To begin a group adventure into music, your students need to have a commonality with each other and you. In my music classroom, no matter what level, I would start with the same song each time. It is usually a “hello” song but it could be anything as long as it is simple. Then the students know that a music lesson is starting and that you are in control.
Next, you must assume that everyone identifies with music in some way. Children hear lullabies, learn songs and melodies from television shows and computer games. If you start by teaching something familiar, your class will respond. At lower grade levels, it could be “Twinkle, Twinkle Little Star” or “The Alphabet Song” (which happens to be the same melody and you can point that out.) At higher levels, “Baby Bumblebee” is fun. You can use “The Wheels On The Bus” or “The Ants Go Marching.” Silliness works!
Any song with repetition will be easier for you and the class. Songs with too many words don't work unless you want to be the soloist. Echo songs such as “Are You Sleeping” work well. You can even get creative and change the words. For example, if it is close to snack or lunchtime, you could sing “I am hungry!” and have the children suggest the foods that should be in the song. There will be so much participation that the song may never end. Even the quietest child will suggest a food or maybe a “silly” food. Have fun with it!

Now that you have them singing, you are on your way to include other songs. You can teach the class your favorite song. Then ask the students to sing their special songs. You will be amazed and amused at the results. I have had students make up songs on the spot or sing very “interesting” rock songs that their siblings have taught them. No matter what, you must applaud and don't laugh!
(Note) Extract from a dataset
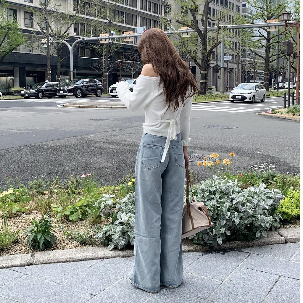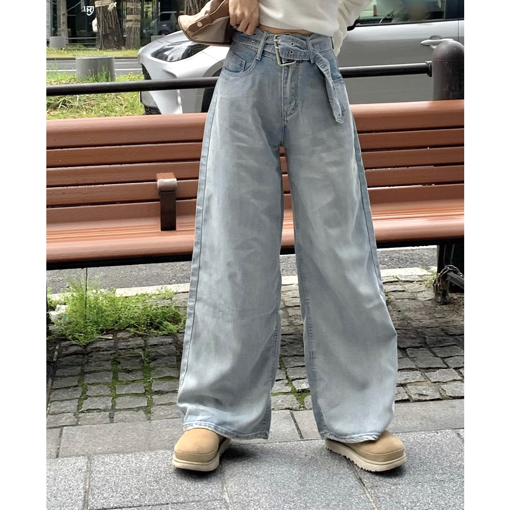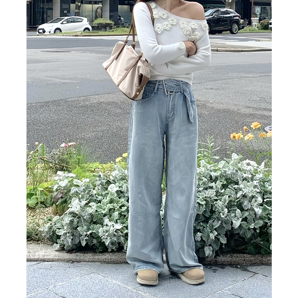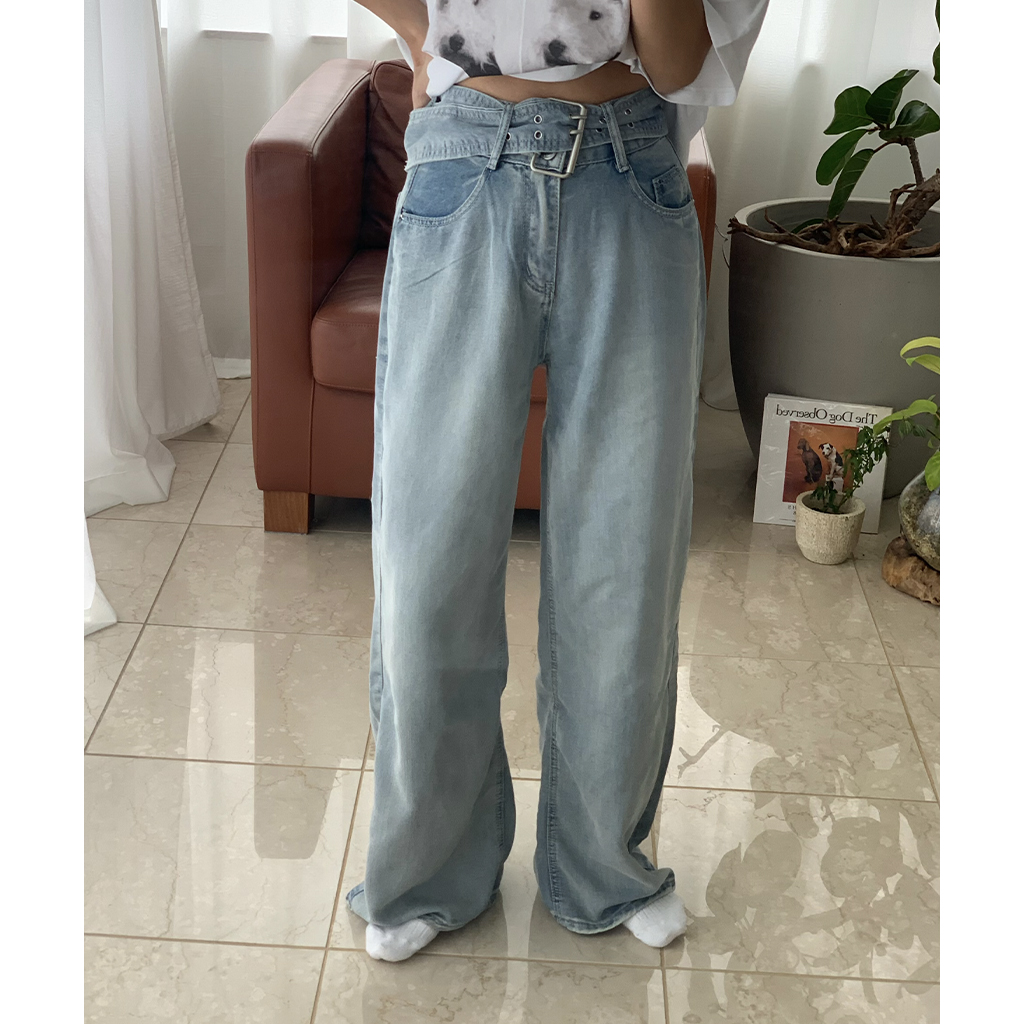 ベルトステッチデニムパンツ

If you alter activities so that the class never knows what comes next, you will keep them excited. The students need to move. Teaching a very simple dance or just having the students jump or clap in rhythm with a song will avoid any discipline problems. Even tapping a table in time with the music is fun as long as you teach them a sign for starting and stopping.
Some very young children might jump up and move while you are singing. This is a happy and natural reaction to the beat. If you stop them, they might be afraid to respond in the future, so just encourage the rest of the class move to the music and then everyone will be able to sit quietly for the next activity. Remember, since music can be a very personal part of a student, it is very easy to turn them on and extremely easy to turn them off. Always be complimentary in your reactions.
When it is time to end the music lesson, remember to end with a quiet song or maybe a repeat of one of the earlier songs sung in a whisper. Then your class will be calmed down and ready for another subject. After a number of years, I discovered that giving a classroom of over-excited children back to their teacher did not help me to win a popularity contest!